When you have a legal issue, there are typically two aspects of your case. There are the "merits" of your claim. This is what most people understand to be your legal issue. The merits of a case are important; if you have some problem that is not really suited for the courts, you may be frustrated by the process and unsatisfied by the results.

If your merits have merit, you also have to approach the case properly and in the appropriate forum and follow the correct procedures.

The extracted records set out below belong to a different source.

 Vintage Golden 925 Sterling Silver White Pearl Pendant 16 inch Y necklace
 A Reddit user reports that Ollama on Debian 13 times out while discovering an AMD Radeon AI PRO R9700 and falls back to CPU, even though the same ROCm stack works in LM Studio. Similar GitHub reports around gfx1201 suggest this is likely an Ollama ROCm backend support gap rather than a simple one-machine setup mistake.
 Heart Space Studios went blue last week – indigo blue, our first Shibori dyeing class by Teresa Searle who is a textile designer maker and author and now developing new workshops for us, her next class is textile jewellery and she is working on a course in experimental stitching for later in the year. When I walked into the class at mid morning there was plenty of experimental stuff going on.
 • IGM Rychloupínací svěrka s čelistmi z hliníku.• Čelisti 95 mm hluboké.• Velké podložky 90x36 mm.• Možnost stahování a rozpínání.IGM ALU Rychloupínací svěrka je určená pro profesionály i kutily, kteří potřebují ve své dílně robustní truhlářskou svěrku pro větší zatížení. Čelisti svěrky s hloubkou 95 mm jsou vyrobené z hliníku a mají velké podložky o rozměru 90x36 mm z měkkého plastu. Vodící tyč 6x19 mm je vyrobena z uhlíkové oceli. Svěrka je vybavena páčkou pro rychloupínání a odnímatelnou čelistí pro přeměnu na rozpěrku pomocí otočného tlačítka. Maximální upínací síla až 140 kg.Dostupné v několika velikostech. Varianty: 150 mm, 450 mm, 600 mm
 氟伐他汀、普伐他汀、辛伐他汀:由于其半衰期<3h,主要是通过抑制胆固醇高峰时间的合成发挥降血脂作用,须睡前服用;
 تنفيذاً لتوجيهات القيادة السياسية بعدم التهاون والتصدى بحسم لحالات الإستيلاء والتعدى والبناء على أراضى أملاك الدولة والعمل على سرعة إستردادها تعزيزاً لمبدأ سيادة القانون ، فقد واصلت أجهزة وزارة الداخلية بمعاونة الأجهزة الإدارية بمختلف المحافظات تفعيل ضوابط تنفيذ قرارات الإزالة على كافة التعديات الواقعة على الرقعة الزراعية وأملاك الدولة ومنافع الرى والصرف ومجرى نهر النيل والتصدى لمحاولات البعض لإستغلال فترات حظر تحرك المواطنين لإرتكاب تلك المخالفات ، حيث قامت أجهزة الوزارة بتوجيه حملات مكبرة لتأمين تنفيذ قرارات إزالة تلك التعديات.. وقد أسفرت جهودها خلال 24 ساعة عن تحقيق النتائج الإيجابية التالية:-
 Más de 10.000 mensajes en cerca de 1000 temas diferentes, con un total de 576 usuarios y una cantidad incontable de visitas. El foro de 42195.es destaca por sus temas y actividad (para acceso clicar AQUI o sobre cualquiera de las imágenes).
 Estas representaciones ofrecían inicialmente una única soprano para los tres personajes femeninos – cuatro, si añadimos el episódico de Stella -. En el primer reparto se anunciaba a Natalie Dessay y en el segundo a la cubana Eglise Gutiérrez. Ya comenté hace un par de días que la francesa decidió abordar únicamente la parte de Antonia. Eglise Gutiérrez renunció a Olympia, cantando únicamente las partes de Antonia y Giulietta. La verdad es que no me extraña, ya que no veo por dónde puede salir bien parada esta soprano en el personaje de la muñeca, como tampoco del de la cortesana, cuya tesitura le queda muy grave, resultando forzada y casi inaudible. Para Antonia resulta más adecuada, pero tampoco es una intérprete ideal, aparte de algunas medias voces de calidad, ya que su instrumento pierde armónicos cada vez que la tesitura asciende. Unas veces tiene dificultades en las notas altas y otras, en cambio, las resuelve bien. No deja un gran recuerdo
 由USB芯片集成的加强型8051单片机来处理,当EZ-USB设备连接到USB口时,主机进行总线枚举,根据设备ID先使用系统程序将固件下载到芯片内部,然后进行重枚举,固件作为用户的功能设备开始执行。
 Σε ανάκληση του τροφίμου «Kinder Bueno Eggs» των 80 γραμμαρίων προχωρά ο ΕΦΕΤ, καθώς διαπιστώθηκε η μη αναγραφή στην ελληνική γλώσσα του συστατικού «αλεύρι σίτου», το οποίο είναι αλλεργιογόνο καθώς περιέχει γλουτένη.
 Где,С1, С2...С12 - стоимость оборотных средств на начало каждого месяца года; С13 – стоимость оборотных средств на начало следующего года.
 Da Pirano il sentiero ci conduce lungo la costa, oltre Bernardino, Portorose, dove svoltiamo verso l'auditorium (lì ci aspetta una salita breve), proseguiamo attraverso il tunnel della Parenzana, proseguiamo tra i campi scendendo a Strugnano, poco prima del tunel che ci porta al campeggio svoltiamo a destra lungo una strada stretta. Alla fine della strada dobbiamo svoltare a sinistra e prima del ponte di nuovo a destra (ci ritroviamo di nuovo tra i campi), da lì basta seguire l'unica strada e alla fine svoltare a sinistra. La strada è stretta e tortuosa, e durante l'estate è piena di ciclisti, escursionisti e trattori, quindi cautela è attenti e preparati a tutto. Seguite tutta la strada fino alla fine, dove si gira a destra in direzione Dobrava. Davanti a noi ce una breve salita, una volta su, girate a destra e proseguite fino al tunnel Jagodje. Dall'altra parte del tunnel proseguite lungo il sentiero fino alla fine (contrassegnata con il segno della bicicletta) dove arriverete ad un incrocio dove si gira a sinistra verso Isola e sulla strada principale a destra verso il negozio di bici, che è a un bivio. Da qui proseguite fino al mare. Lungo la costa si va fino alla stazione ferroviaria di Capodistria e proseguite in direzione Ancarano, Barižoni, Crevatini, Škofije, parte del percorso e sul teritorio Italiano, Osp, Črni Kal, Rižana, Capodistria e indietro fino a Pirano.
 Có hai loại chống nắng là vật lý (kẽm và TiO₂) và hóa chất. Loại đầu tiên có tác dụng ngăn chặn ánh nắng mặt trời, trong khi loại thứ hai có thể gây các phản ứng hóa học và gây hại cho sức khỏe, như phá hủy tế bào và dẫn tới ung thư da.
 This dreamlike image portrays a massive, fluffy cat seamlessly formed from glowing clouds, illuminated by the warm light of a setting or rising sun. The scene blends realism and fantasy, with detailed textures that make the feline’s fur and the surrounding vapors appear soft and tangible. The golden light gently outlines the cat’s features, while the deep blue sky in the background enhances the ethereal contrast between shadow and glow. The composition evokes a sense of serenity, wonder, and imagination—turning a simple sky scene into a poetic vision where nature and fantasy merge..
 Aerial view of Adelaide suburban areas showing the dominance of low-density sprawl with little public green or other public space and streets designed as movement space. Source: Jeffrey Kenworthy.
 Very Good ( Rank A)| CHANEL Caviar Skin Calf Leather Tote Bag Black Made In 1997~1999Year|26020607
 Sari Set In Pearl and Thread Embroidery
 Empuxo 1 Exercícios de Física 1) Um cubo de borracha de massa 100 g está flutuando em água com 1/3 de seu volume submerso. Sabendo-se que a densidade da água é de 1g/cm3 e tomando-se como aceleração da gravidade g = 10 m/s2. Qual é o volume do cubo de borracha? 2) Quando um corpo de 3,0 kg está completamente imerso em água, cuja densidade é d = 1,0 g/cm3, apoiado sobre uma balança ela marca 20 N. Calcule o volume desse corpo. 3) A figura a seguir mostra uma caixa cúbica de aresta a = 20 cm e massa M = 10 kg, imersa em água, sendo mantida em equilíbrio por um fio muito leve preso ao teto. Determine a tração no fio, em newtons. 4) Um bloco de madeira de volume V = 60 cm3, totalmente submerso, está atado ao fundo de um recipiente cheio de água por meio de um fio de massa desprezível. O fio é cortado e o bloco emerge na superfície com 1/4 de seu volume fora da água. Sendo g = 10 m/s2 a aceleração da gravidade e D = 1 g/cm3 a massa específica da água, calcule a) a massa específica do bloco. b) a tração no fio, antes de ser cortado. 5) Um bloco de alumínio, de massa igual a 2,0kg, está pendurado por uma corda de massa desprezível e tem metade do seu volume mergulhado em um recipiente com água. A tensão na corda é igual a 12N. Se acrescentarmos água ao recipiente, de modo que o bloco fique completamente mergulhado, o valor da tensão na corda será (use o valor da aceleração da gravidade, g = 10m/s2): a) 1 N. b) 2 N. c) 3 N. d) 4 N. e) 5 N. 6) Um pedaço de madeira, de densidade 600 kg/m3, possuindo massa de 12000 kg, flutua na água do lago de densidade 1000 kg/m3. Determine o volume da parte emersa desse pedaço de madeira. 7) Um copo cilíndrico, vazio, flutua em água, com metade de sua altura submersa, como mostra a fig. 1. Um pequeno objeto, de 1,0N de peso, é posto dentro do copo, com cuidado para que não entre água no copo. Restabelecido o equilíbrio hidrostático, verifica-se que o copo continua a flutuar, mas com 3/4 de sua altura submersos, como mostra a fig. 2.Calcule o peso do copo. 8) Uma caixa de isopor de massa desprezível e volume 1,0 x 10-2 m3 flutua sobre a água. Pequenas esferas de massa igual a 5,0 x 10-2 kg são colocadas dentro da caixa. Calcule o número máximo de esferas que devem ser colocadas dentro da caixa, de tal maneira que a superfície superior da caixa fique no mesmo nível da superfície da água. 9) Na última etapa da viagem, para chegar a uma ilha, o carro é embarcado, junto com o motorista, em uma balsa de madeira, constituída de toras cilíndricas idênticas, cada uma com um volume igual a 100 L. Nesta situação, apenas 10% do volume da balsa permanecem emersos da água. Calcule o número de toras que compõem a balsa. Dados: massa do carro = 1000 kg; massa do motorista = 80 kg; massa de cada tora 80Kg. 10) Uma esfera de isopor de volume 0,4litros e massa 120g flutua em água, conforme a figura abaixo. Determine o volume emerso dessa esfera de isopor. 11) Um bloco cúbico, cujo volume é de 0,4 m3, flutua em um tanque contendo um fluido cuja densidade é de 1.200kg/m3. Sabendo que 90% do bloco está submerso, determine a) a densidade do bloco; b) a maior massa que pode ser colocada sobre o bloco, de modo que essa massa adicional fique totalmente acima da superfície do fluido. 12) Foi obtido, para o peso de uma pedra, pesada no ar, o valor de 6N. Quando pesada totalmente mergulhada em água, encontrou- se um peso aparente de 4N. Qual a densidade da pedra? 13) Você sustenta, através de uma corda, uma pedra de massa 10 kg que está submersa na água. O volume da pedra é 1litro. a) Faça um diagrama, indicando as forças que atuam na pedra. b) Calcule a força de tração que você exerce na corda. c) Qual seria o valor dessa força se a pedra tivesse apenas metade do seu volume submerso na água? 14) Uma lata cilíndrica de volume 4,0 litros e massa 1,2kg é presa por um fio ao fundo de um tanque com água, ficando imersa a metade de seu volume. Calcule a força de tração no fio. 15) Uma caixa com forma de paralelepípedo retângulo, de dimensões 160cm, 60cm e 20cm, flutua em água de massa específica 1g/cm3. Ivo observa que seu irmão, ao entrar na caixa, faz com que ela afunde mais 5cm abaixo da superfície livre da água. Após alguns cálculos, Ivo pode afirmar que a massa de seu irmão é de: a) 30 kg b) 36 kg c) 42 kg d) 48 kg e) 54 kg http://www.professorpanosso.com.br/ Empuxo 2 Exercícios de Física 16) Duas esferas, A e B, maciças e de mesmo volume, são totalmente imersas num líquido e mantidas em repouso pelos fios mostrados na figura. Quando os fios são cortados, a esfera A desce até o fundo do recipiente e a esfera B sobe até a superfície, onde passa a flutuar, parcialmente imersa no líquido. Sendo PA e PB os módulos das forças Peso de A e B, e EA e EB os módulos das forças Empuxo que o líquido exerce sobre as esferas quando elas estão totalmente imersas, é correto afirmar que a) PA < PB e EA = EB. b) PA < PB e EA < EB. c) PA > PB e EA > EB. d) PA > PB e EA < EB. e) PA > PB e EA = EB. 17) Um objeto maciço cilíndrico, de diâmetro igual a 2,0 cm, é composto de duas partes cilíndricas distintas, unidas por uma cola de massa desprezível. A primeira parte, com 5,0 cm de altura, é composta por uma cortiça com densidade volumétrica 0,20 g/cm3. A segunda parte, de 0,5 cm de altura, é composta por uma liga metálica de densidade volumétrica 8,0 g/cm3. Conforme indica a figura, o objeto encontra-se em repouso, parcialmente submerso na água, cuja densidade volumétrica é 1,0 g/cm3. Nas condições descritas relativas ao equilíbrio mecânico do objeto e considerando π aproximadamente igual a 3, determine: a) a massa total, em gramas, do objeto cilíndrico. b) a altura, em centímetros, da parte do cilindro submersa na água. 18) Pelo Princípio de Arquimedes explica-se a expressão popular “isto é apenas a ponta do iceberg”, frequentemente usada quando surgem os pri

These procedural issues will be handled by your attorney, but you should discuss with them how the case will proceed in order to properly set expectations and prevent misunderstandings as the case moves forward.

A series of cases involving the payment of royalties for gas flared at drilling sites has experienced a setback, after the North Dakota Supreme Court ruled that the mineral rights owners failed to exhaust their administrative remedies in the North Dakota Industrial Commission.

Exhaustion of administrative remedies is typically required because it conserves judicial resources and, in most cases, allows administrative entities with specialized expertise in the matter time to fully develop a factual record of the case and dispose of the matter.

In the case of the Industrial Commission, the situation is more problematic, as the commission is a relatively political body, consisting of the governor, attorney general and agriculture commissioner.

The parties to the lawsuit had hoped to obtain class status, as that would have made it more economical for the case to proceed. Some are worried that it will cost more to litigate the individual cases that could be recovered.

When considering litigation, you should discuss the matter with your attorney, including the proper forum for the initial claim and calculate the additional complexity, time, cost and likelihood of success in that forum that this may bring to your case.